University College Dublin Press has just published the latest of its Classics of Irish History series (general editor Tom Garvin, ISSN 13936883). Rising out: Seán Connolly of Longford (202pp, €20 pb, ISBN 9781904558897), a previously unpublished manuscript by Ernie O’Malley and edited here by his son Cormac, tells the story of the OC of the Longford brigade of the IRA during the War of Independence, who was killed in action on 11 March 1921. It describes in detail what the fighting men actually did and what a local leader had to do in order to organise his men.
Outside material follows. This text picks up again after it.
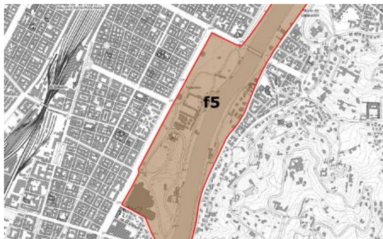
Zone Naturali di Salvaguardia e Aree contigue

Ciò premesso, si fa presente, a titolo collaborativo, che la relazione urbanistica allegata alla documentazione progettuale presentata, potrebbe essere integrata, per quanto riguarda la Pianificazione sovraordinata, con la cartografia e le eventuali disposizioni relative alle Aree contigue di cui alla L.R.19/2009, in quanto il Parco del Valentino ricade all'interno dell'Area contigua f5; sarebbe, inoltre, opportuna la verifica dei contenuti del Piano Territoriale Generale Metropolitano (PTGM), adottato dalla Città Metropolitana con deliberazione del Consiglio metropolitano n.66 del 22.12.2022.
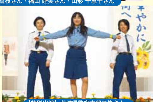
【特別出演】茨城県警察本部の皆さん。ブルゾンちえみwithBのネタを模して交通事故防止を楽しく呼び掛け★

In Belfast by the sea by Frank Frankford Moore, edited by Patrick Maume (202pp, €24 pb, ISBN 9781904558866), originally appeared in the Belfast Telegraph in 1923–4 as a series of recollections of Victorian Belfast and Bangor between his childhood in the 1860s and his departure to London in 1892, including an account of the first public appearance of the Dunlop inflatable tyre. Queen’s rebels: Ulster loyalism in historical perspective (194pp, €24 pb, ISBN 9781904558880), introduced by John Bew, is a reprint of David Miller’s 1978 interpretive essay on the history of the Ulster Protestant community from the seventeenth-century plantations to the mid-1970s. As the title suggests, the central theme is the seemingly contradictory pattern of ‘conditional loyalty’ of latter-day Ulster Protestants.
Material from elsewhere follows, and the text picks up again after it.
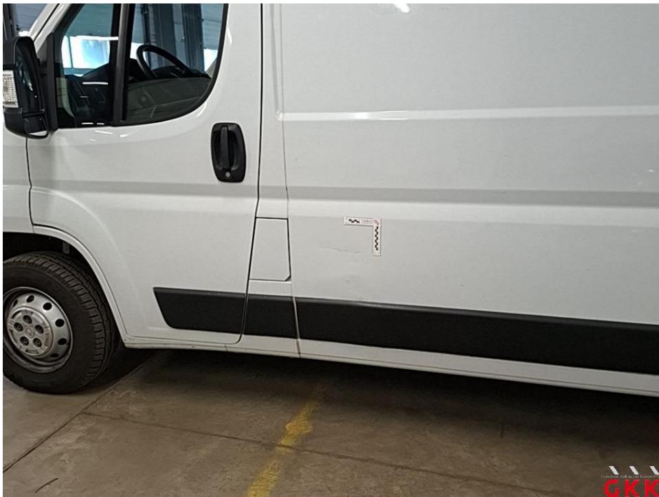
Bild 18 Seitenwand links, beschädigt, instand setzen - lackieren

The Department of the Environment, Heritage and Local Government has just published An introduction to the architectural heritage of County Westmeath (140pp, €12 pb, ISBN 9780755771769) and of County Sligo (€12 pb, ISBN 9780755771752), the latest two publications to accompany the National Inventory of Architectural Heritage (NIAH). These are large-format books with high-quality colour photographs of a wide variety of buildings, from cabins to castles, that have (so far) managed to escape the wrecker’s ball. Even if you don’t acquire the books, log onto the NIAH web site, www.buildingsofireland.ie, and check out the ‘building of the month’. You are guaranteed a gem.
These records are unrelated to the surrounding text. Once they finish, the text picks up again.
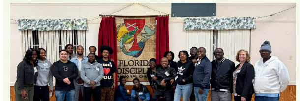
Retiro de Clérigos y Liderazgo Haitiano 2025

Fortalecer el ministerio regional asegura que cada congregación tenga el apoyo y los recursos necesarios para crecer, innovar y servir fielmente a sus comunidades.
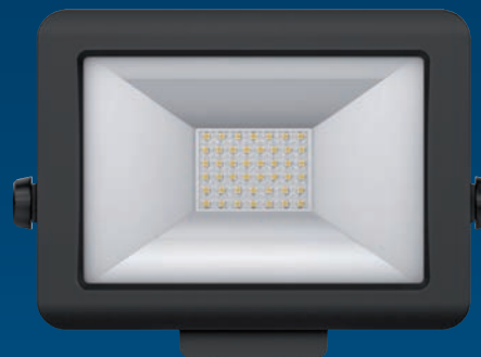
theLeda B30L BK
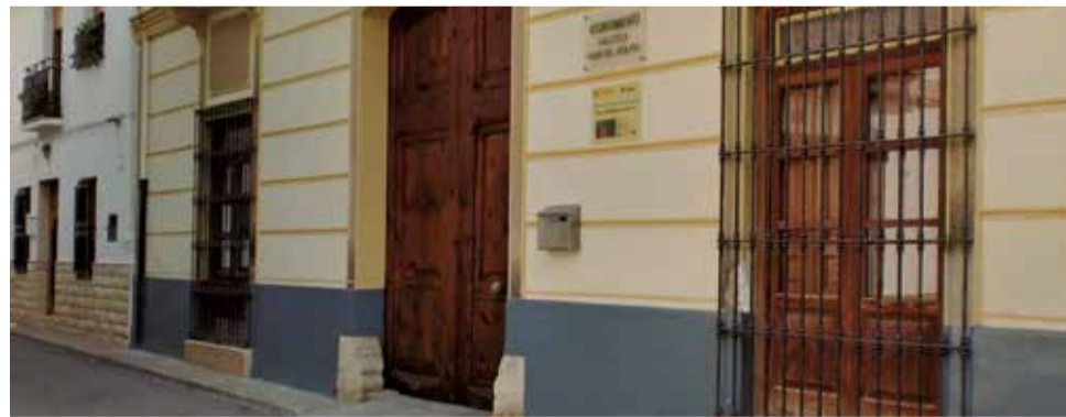
Fachada del Ayuntamiento de Macastre.

Gracias a este respaldo, el consistorio podrá avanzar en la elaboración de una propuesta europea orientada a poner en valor el papel de las mujeres en la cultura rural, impulsar la igualdad y abrir nue-

And finally, if you’re racking your brains for a Christmas stocking-filler for children or grandchildren check out Brendan O’Brien’s The story of Ireland (O’Brien Press, 96pp, €19.95 hb, ISBN 9780862788810), a history of Ireland from the Stone Age to the twenty-first century (although this large-format and beautifully illustrated book might be difficult to get into a stocking!). This is aimed at primary-school children, with the emphasis on simplicity and clarity. This may ruffle a few feathers here and there. Thus on page 48 we are told, without qualification, that Theobald Wolfe Tone ‘committed suicide in jail’. Surely the author could have rephrased it like the apocryphal schoolboy who concluded an essay on Tone by saying that he ‘died of a cut throat’?